WORK REQUEST: Return the data below exactly, please, but drop the pictures.

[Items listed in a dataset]
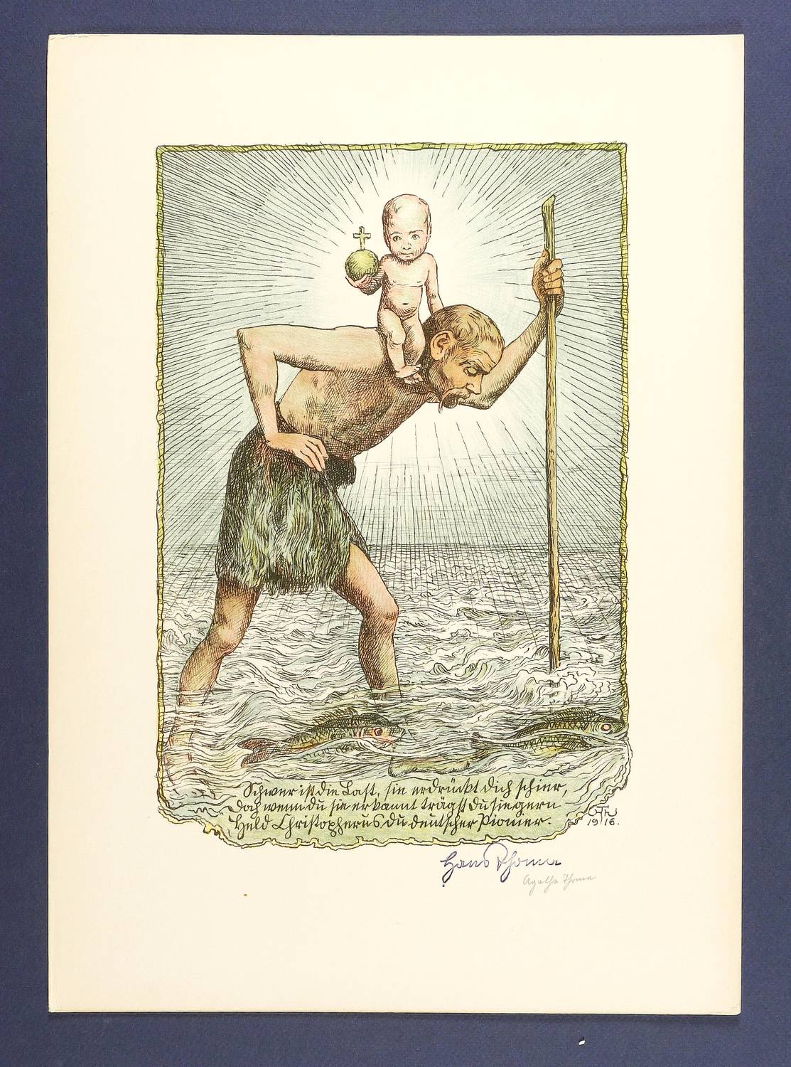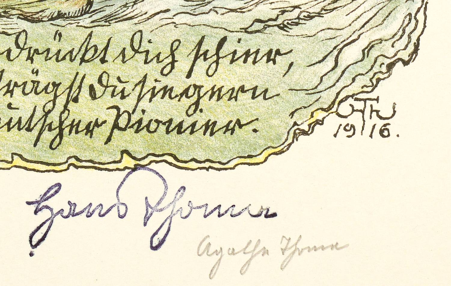 Im Stein rechts unten monogrammiert und datiert: "HTh 1916". Darunter Stempelsignatur und handschriftliche Signatur in Bleistift von der Schwester Agathe Thoma. Verso Stempel der Kunstdruckerei Künstlerbund Karlsruhe (KKK) mit handschriftlicher Katalognummer "47". – Geringfügig bestoßene Ecken. Sonst sehr guter Zustand.
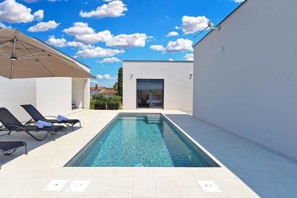 4 stars. LocationPula. The villa is located on a 115 sqm enclosed garden plot with meadow and shrubs, bordered by a fence. The landlord does not live in the house or on the property. Access is via a side road (asphalted). Parking is available on the property. Specialair conditioning, heating.Facilities: internet access (WLAN), iron and washing machine. TV reception takes place via satellite. PoolAll pools are available for exclusive use. Outdoor pool (usable from early May to early September, 3 m x 7 m, depth 1,5 m). WellnessSauna. Dogsnot allowed. DistancesShopping 1000 m, restaurant 1000 m, town center 2,5 km. Pula: airport 15 km and discotheque 2,5 km. In summer: Adriatic Sea 900 m in Pula (beach 900 m in Pula featuring gravel, rocks and bathing plateaus). Pula: diving, water sports, boat rental each 1500 m. fishing 900 m. DivisionVilla, 1 floor, 3 rooms (including 2 bedrooms), 115 sqm, in total 4 beds. RoomThe entrance to your villa is located on the ground floor, is covered and leads directly into the vestibule. Living room (23 sqm) with sitting area, TV and access to the terrace (100 sqm, covered, garden furniture). Bedroom with 1 double bed and access to the terrace. Bedroom with 1 double bed, access to the terrace and Sauna, bathtub, shower. Cooking nook in the living room (15 sqm) with dining area (4 seats), electric stove (ceramic hob, 4 plates), oven, extractor hood, dishwasher, fridge (icebox), coffee machine, electric kettle and access to the terrace. Bathroom with washing machine, shower, 1 washbasin, WC and window. Bathroom with bathtub, shower, 1 washbasin, WC, hairdryer and in the bedroom with sauna. Terms of lease and pricesIncluded in the priceOutdoor pool, internet access, air conditioning, electricity, water, final cleaning, bed linen, hand towels, Wireless Internet access. Side costs-Additionally(Payable when booking)/local tax.Deposit:EUR 300,-/object.
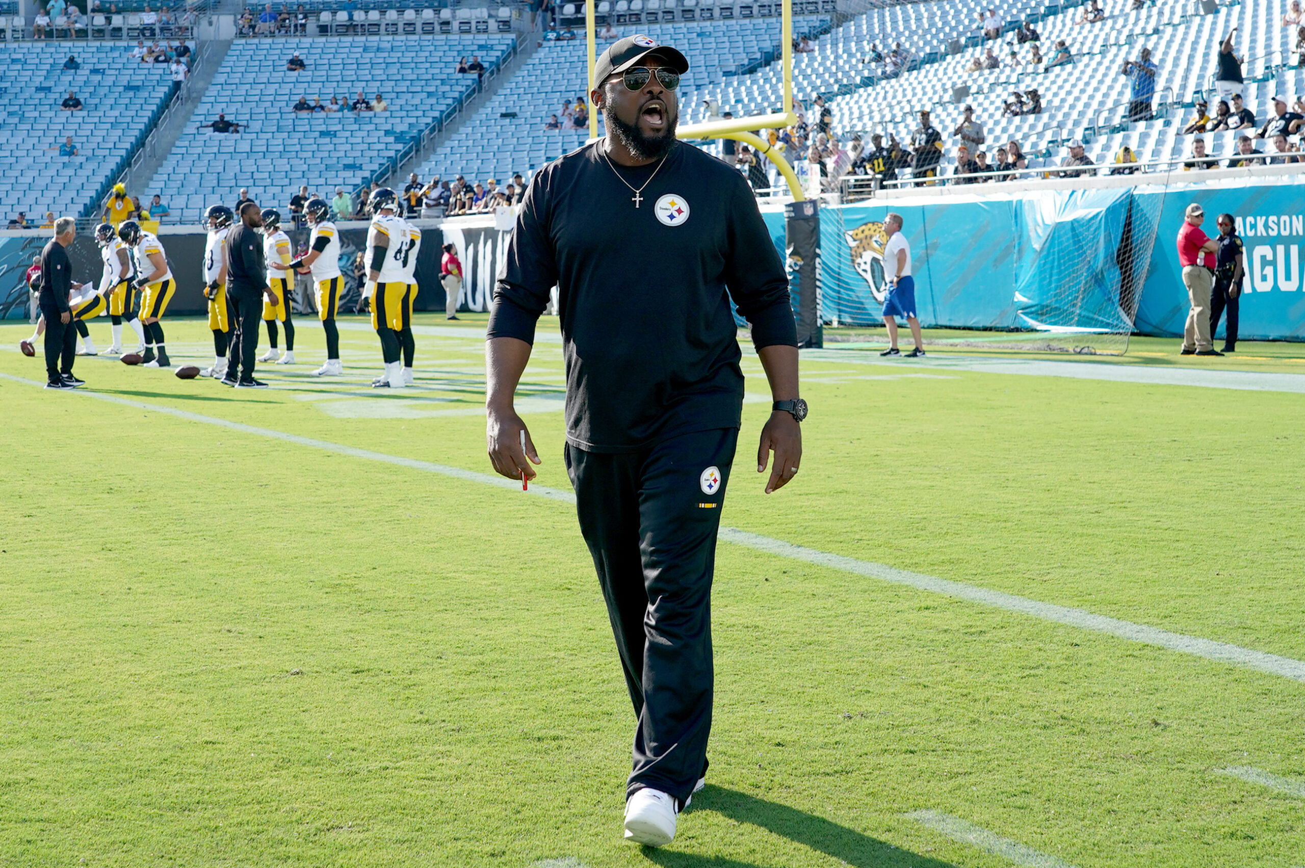 ss_Preseason Steelers Aug. 20, 2022 09 August 20, 2022 • 2560 × 1703 • Week in photos: Aug.14-20, 2022 Steelers head coach Mike Tomlin acknowledges the fans as he enters the field for warmups before taking on the Jaguars, Saturday, Aug. 20, 2022, at TIAA Bank Field. (Matt Freed/Post-Gazette)
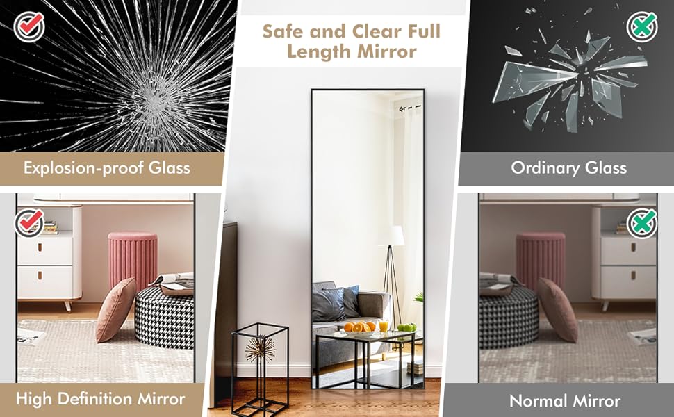 Explosion-Proof Glass: Designed with safety in mind, this freestanding mirror features explosion-proof glass, which is stronger and more secure than ordinary alternatives. In the unlikely event of breakage due to external force, the glass will not shatter, ensuring enhanced protection for you and your family.
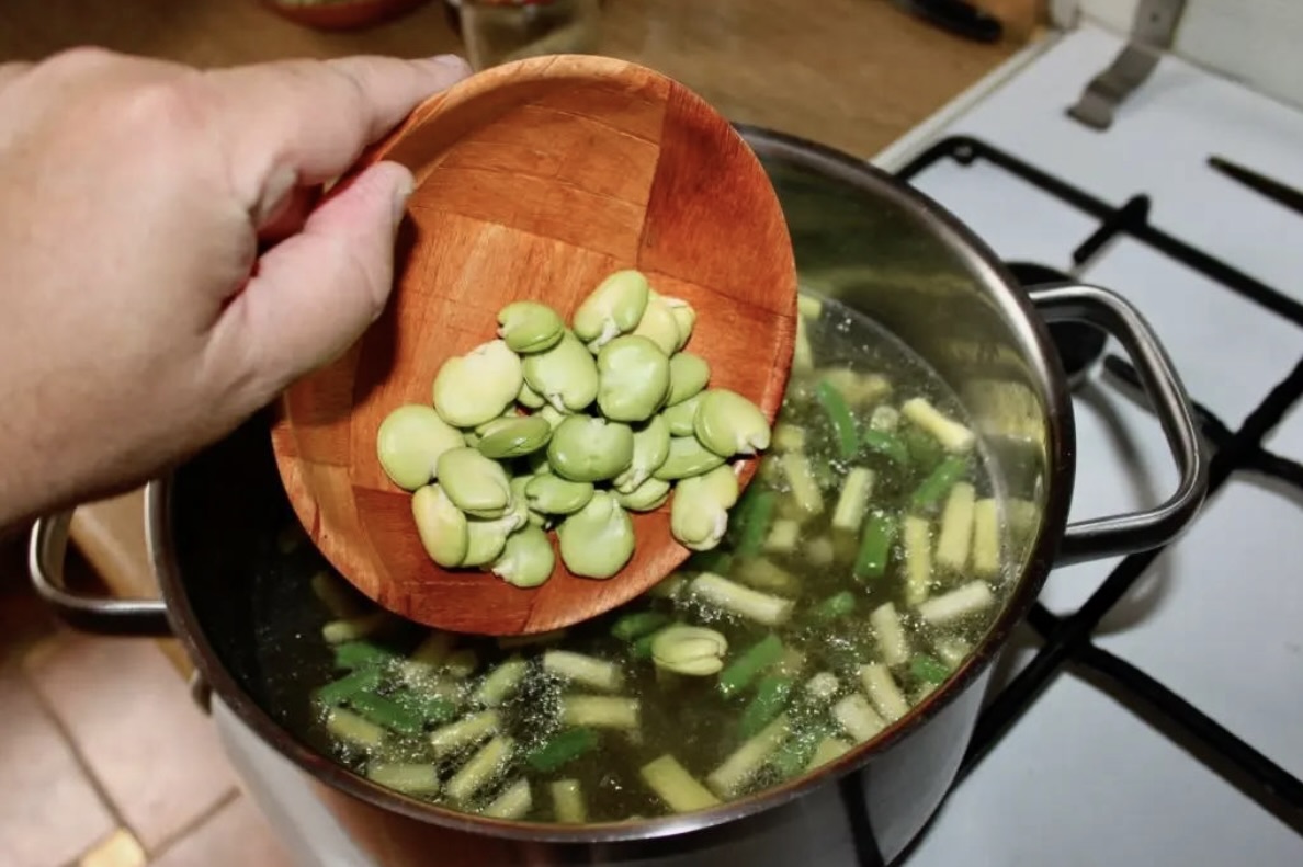 Jeśli bób był młody i nieobrany, dodaj go razem z fasolką. Jeśli używasz bobu już ugotowanego i obranego, wrzuć go do garnka teraz.

ANSWER BOX:
 Im Stein rechts unten monogrammiert und datiert: "HTh 1916". Darunter Stempelsignatur und handschriftliche Signatur in Bleistift von der Schwester Agathe Thoma. Verso Stempel der Kunstdruckerei Künstlerbund Karlsruhe (KKK) mit handschriftlicher Katalognummer "47". – Geringfügig bestoßene Ecken. Sonst sehr guter Zustand.
 4 stars. LocationPula. The villa is located on a 115 sqm enclosed garden plot with meadow and shrubs, bordered by a fence. The landlord does not live in the house or on the property. Access is via a side road (asphalted). Parking is available on the property. Specialair conditioning, heating.Facilities: internet access (WLAN), iron and washing machine. TV reception takes place via satellite. PoolAll pools are available for exclusive use. Outdoor pool (usable from early May to early September, 3 m x 7 m, depth 1,5 m). WellnessSauna. Dogsnot allowed. DistancesShopping 1000 m, restaurant 1000 m, town center 2,5 km. Pula: airport 15 km and discotheque 2,5 km. In summer: Adriatic Sea 900 m in Pula (beach 900 m in Pula featuring gravel, rocks and bathing plateaus). Pula: diving, water sports, boat rental each 1500 m. fishing 900 m. DivisionVilla, 1 floor, 3 rooms (including 2 bedrooms), 115 sqm, in total 4 beds. RoomThe entrance to your villa is located on the ground floor, is covered and leads directly into the vestibule. Living room (23 sqm) with sitting area, TV and access to the terrace (100 sqm, covered, garden furniture). Bedroom with 1 double bed and access to the terrace. Bedroom with 1 double bed, access to the terrace and Sauna, bathtub, shower. Cooking nook in the living room (15 sqm) with dining area (4 seats), electric stove (ceramic hob, 4 plates), oven, extractor hood, dishwasher, fridge (icebox), coffee machine, electric kettle and access to the terrace. Bathroom with washing machine, shower, 1 washbasin, WC and window. Bathroom with bathtub, shower, 1 washbasin, WC, hairdryer and in the bedroom with sauna. Terms of lease and pricesIncluded in the priceOutdoor pool, internet access, air conditioning, electricity, water, final cleaning, bed linen, hand towels, Wireless Internet access. Side costs-Additionally(Payable when booking)/local tax.Deposit:EUR 300,-/object.
 ss_Preseason Steelers Aug. 20, 2022 09 August 20, 2022 • 2560 × 1703 • Week in photos: Aug.14-20, 2022 Steelers head coach Mike Tomlin acknowledges the fans as he enters the field for warmups before taking on the Jaguars, Saturday, Aug. 20, 2022, at TIAA Bank Field. (Matt Freed/Post-Gazette)
 Explosion-Proof Glass: Designed with safety in mind, this freestanding mirror features explosion-proof glass, which is stronger and more secure than ordinary alternatives. In the unlikely event of breakage due to external force, the glass will not shatter, ensuring enhanced protection for you and your family.
 Jeśli bób był młody i nieobrany, dodaj go razem z fasolką. Jeśli używasz bobu już ugotowanego i obranego, wrzuć go do garnka teraz.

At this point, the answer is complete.